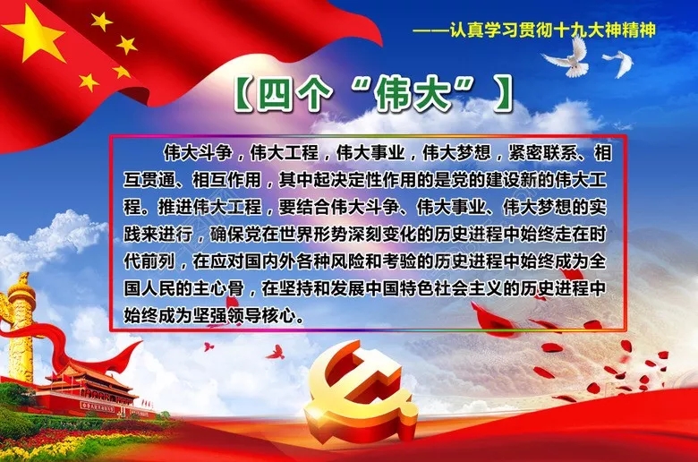黨的十九大修改黨章明確把統(tǒng)攬“四個(gè)偉大”寫(xiě)了進(jìn)來(lái),“四個(gè)偉大”指的是進(jìn)行偉大斗爭(zhēng)、建設(shè)偉大工程、推進(jìn)偉大事業(yè)、實(shí)現(xiàn)偉大夢(mèng)想。
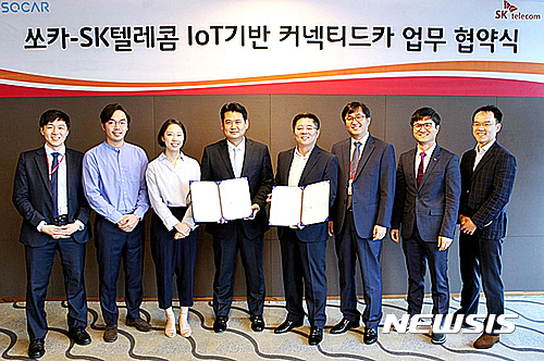 【서울=뉴시스】SK텔레콤(대표이사 사장 장동현)은 쏘카(대표 이재용)와 차량공유(Carsharing) 서비스에 IoT 전용망과 모바일 내비게이션을 활용한 커넥티드카 구현에 나설 계획이라고 22일 밝혔다.
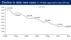 New Delhi : India on June 6, 2021, reported 1,14,460 new Covid-19 Cases in the last 24 hours, the lowest in the last two months, taking the tally to 2,88,09,339 in the country on June 6, 2021. The country has recorded less than 2 lakh Daily New Cases for 10 continuous days now. India logged 2,677 new deaths deaths due to Covid-19 in last 24 hours taking the toll to 3,46,759 in the country on June 6, 2021.
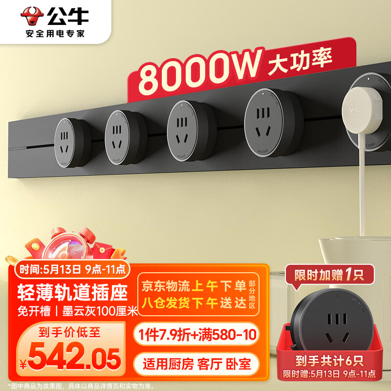公牛(BULL)明装 轨道插座 大师轻薄款可移动墙壁插座壁挂式滑轨插座 免打孔 100厘米轨道+5个五孔 墨云灰价格:539.00元!
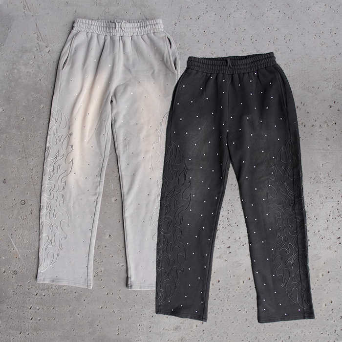 Pantalons de survêtement personnalisés vintage avec logo brodé délavé au soleil Pantalons de survêtement en coton épais pour hommes Style décontracté avec service OEM
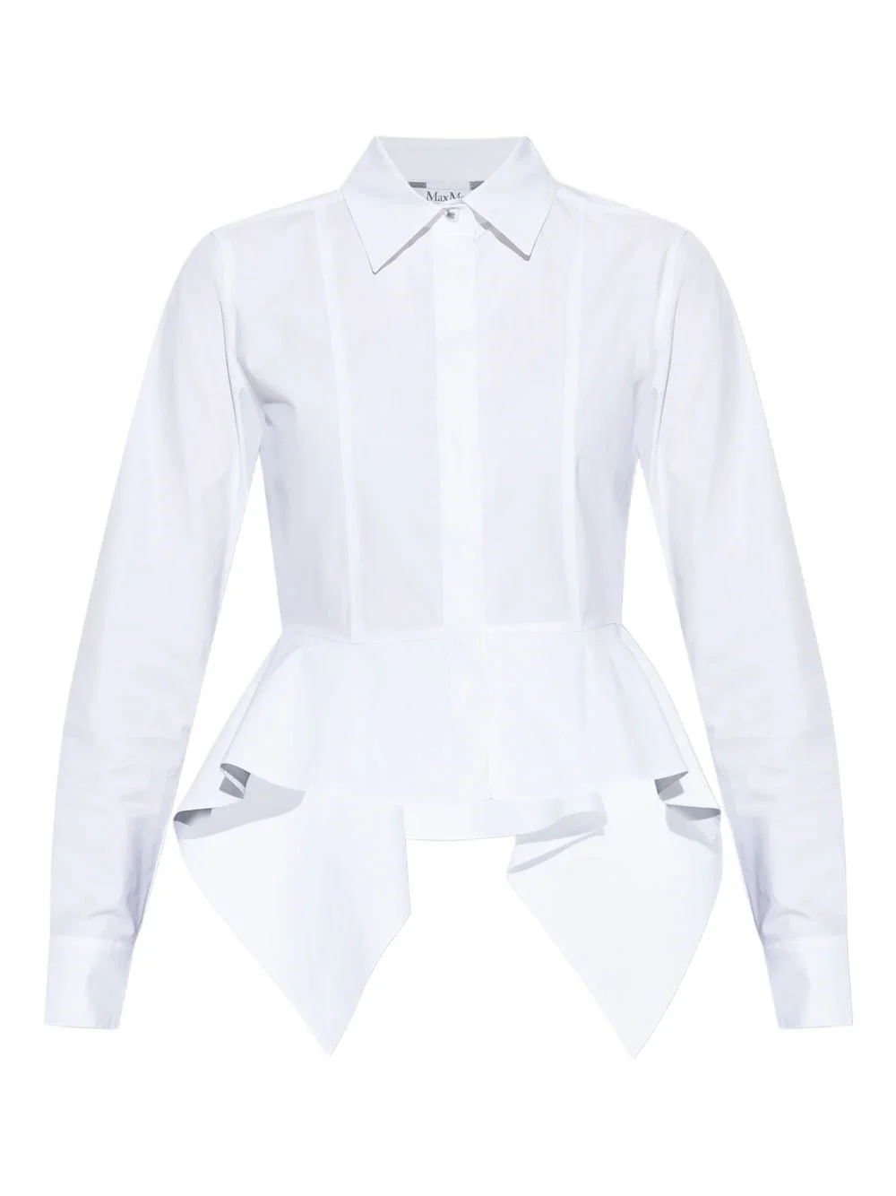 Stretch cotton poplin shirt. Peplos detail with asymmetrical ruffle. Concealed buttons on the front. Logo buttons on cuffs and collar. product code: 2521116011600001GAMMA COMPOSITION 97% cotton, 3% elastane. MADE IN ITALY
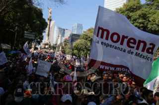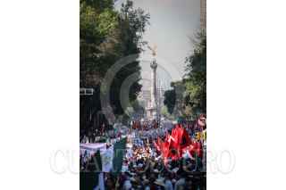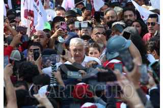 CIUDAD DE MÉXICO, 27NOVIEMBRE2022.- Andrés Manuel López Obrador, presidente de México encabeza marcha hacía el Zócalo donde dará un mensaje a la población. FOTO: ANDREA MURCIA/CUARTSOCURO
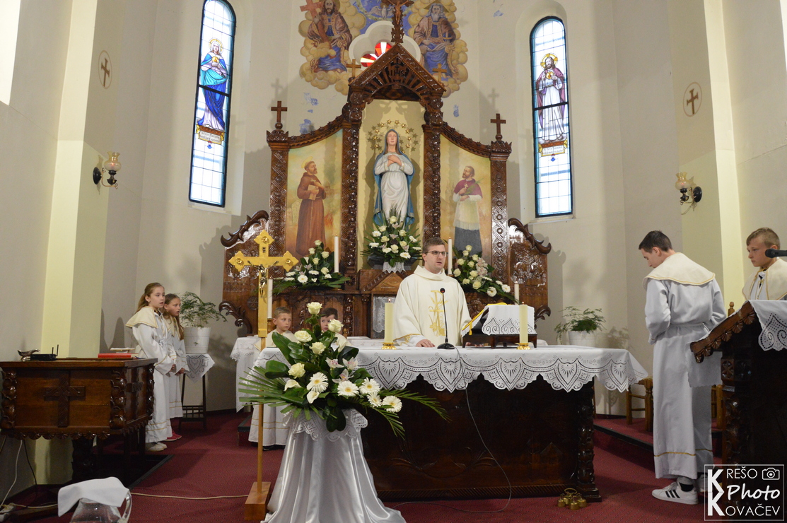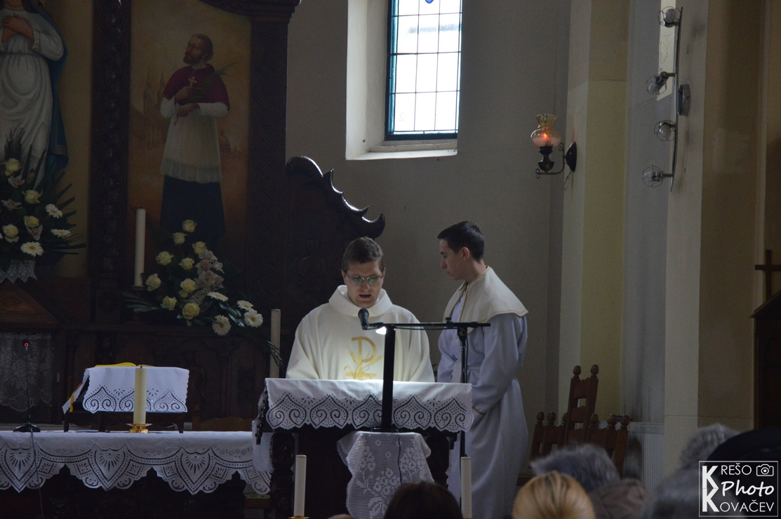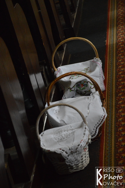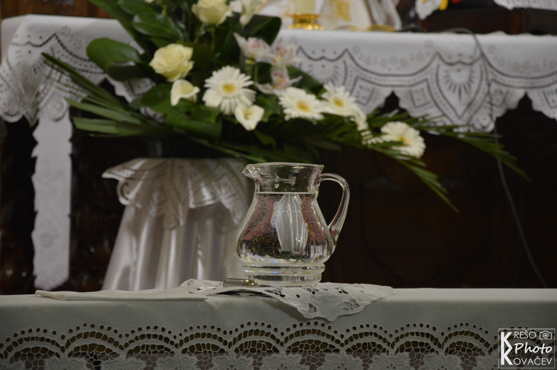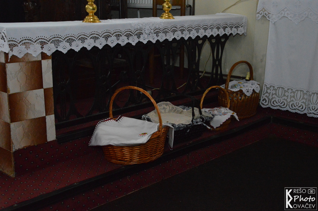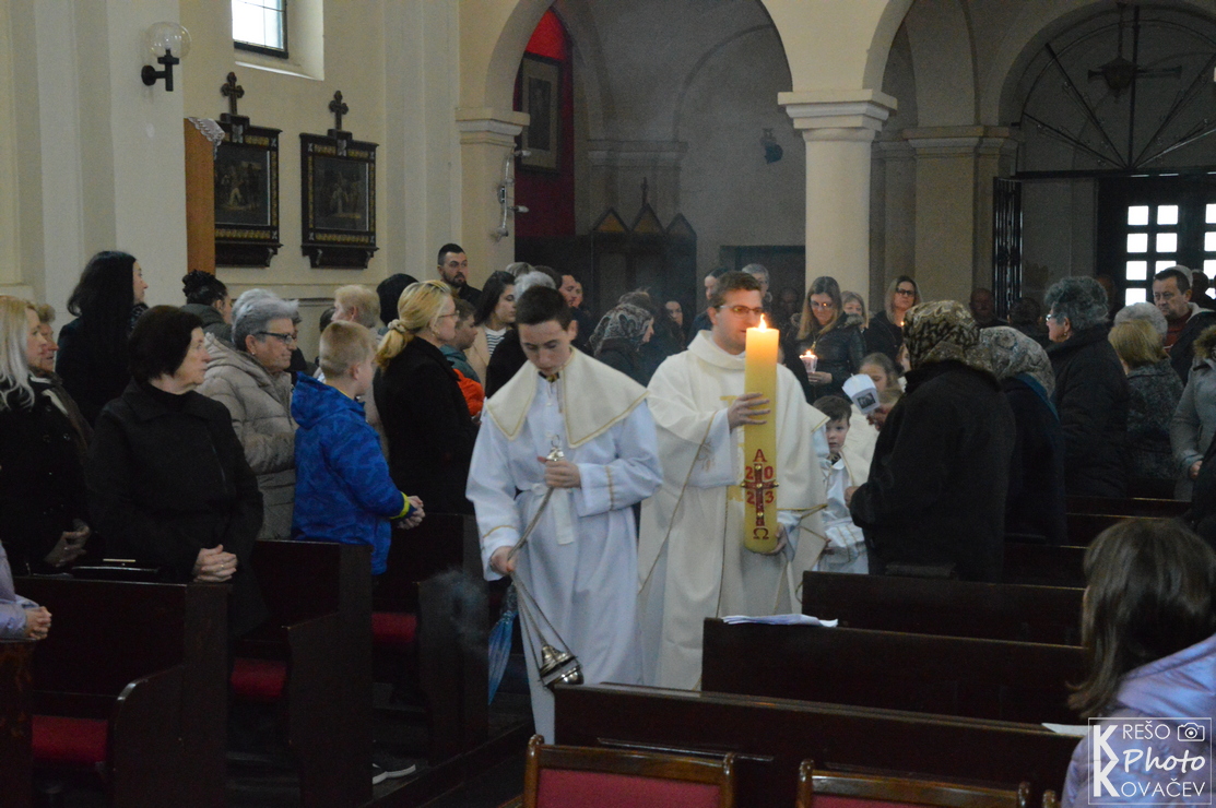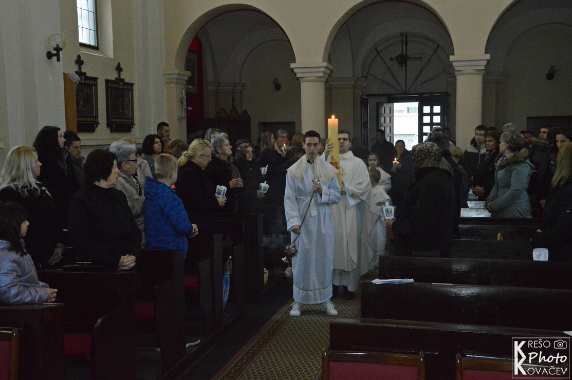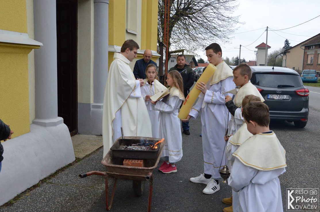 Svečanost Velike subote, u našoj župi, u jutarnjim je satima započela izlaganjem Presvetoga na pokrajnjem oltaru. Kroz cijeli dan mnoštvo je ljudi posjećivalo i bdjelo nad Isusovim grobom u župnoj crkvi. Večernji su obredi počeli u 18:00 službom svjetla, ispred crkve župnik je blagoslovio oganj i na njemu zapalio krsnu svijeću koju su unijeli u crkvu i proširili svjetlo Kristovo na svijeće vjernika. Nakon toga uslijedila je služba riječi koja je završila pjesmom Slava Bogu na visini s kojom su se upalila svjetla, svijeće i orgulje. Nakon krsne službe, gdje je župnik blagoslovio vodu i obnovili smo krsna obećanja, uslijedila je euharistija. Pred kraj mise blagoslovljena je hrana, cilj je blagoslova zahvaliti se na onome što smo donijeli u košari i na svemu onome što imamo. Blagoslovljena hrana tradicionalno se konzumira na večeri poslije mise i na Uskršnje jutro.
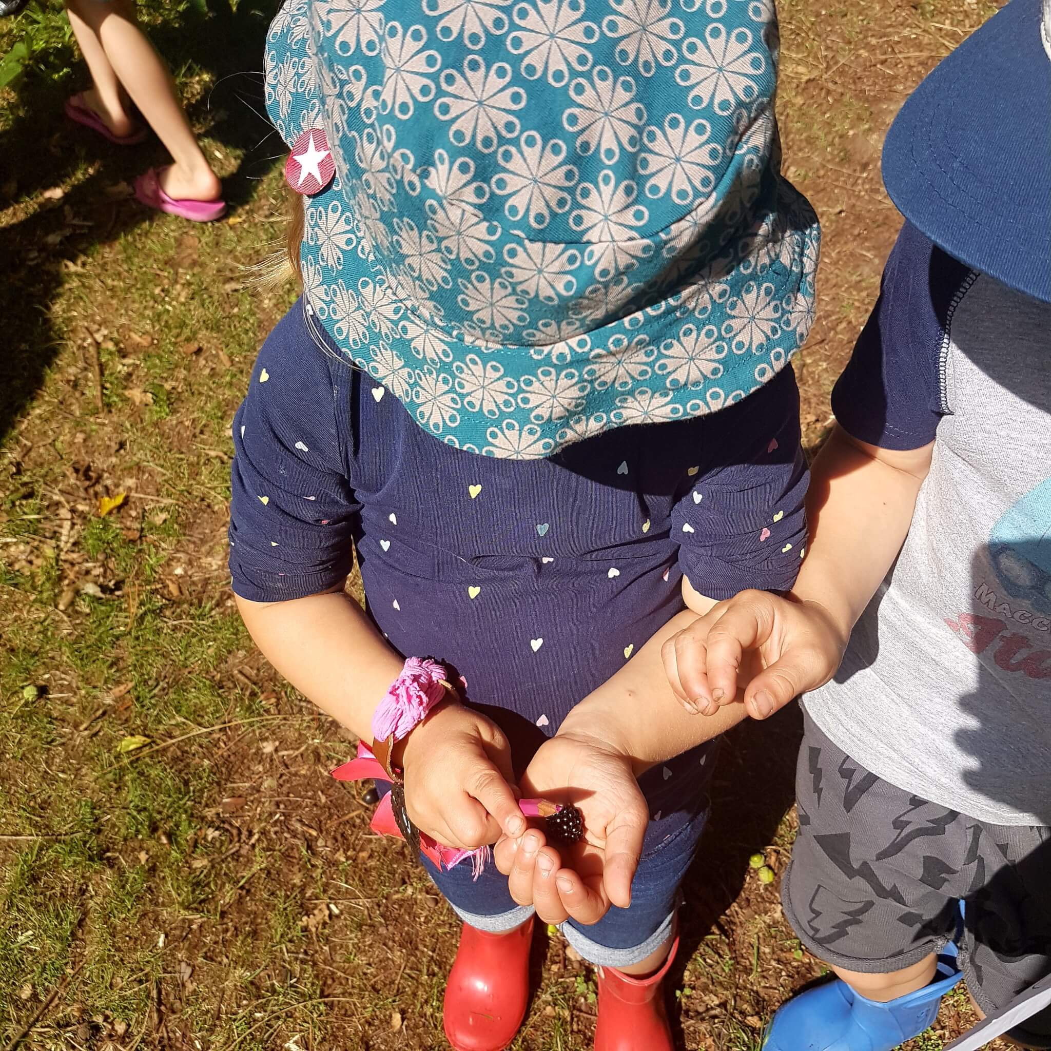 Gewapend met de zintuigen-speurtocht gingen we met de kids en hun campingvrienden het bos in. Voelen aan gladde en niet gladde boomstammen. Proeven van bramen. Even stilstaan en luisteren naar welke geluiden we horen. Kijken wat we allemaal zien. Alle geuren ruiken.
━━━━━━━━━━
** Problem description **
Could you set down the records above word for word, without any of the pictures?

** Answer to the exercise **
黨的十九大修改黨章明確把統(tǒng)攬“四個(gè)偉大”寫(xiě)了進(jìn)來(lái),“四個(gè)偉大”指的是進(jìn)行偉大斗爭(zhēng)、建設(shè)偉大工程、推進(jìn)偉大事業(yè)、實(shí)現(xiàn)偉大夢(mèng)想。
 【서울=뉴시스】SK텔레콤(대표이사 사장 장동현)은 쏘카(대표 이재용)와 차량공유(Carsharing) 서비스에 IoT 전용망과 모바일 내비게이션을 활용한 커넥티드카 구현에 나설 계획이라고 22일 밝혔다.
 New Delhi : India on June 6, 2021, reported 1,14,460 new Covid-19 Cases in the last 24 hours, the lowest in the last two months, taking the tally to 2,88,09,339 in the country on June 6, 2021. The country has recorded less than 2 lakh Daily New Cases for 10 continuous days now. India logged 2,677 new deaths deaths due to Covid-19 in last 24 hours taking the toll to 3,46,759 in the country on June 6, 2021.
公牛(BULL)明装 轨道插座 大师轻薄款可移动墙壁插座壁挂式滑轨插座 免打孔 100厘米轨道+5个五孔 墨云灰价格:539.00元!
 Pantalons de survêtement personnalisés vintage avec logo brodé délavé au soleil Pantalons de survêtement en coton épais pour hommes Style décontracté avec service OEM
 Stretch cotton poplin shirt. Peplos detail with asymmetrical ruffle. Concealed buttons on the front. Logo buttons on cuffs and collar. product code: 2521116011600001GAMMA COMPOSITION 97% cotton, 3% elastane. MADE IN ITALY
 CIUDAD DE MÉXICO, 27NOVIEMBRE2022.- Andrés Manuel López Obrador, presidente de México encabeza marcha hacía el Zócalo donde dará un mensaje a la población. FOTO: ANDREA MURCIA/CUARTSOCURO
 Svečanost Velike subote, u našoj župi, u jutarnjim je satima započela izlaganjem Presvetoga na pokrajnjem oltaru. Kroz cijeli dan mnoštvo je ljudi posjećivalo i bdjelo nad Isusovim grobom u župnoj crkvi. Večernji su obredi počeli u 18:00 službom svjetla, ispred crkve župnik je blagoslovio oganj i na njemu zapalio krsnu svijeću koju su unijeli u crkvu i proširili svjetlo Kristovo na svijeće vjernika. Nakon toga uslijedila je služba riječi koja je završila pjesmom Slava Bogu na visini s kojom su se upalila svjetla, svijeće i orgulje. Nakon krsne službe, gdje je župnik blagoslovio vodu i obnovili smo krsna obećanja, uslijedila je euharistija. Pred kraj mise blagoslovljena je hrana, cilj je blagoslova zahvaliti se na onome što smo donijeli u košari i na svemu onome što imamo. Blagoslovljena hrana tradicionalno se konzumira na večeri poslije mise i na Uskršnje jutro.
 Gewapend met de zintuigen-speurtocht gingen we met de kids en hun campingvrienden het bos in. Voelen aan gladde en niet gladde boomstammen. Proeven van bramen. Even stilstaan en luisteren naar welke geluiden we horen. Kijken wat we allemaal zien. Alle geuren ruiken.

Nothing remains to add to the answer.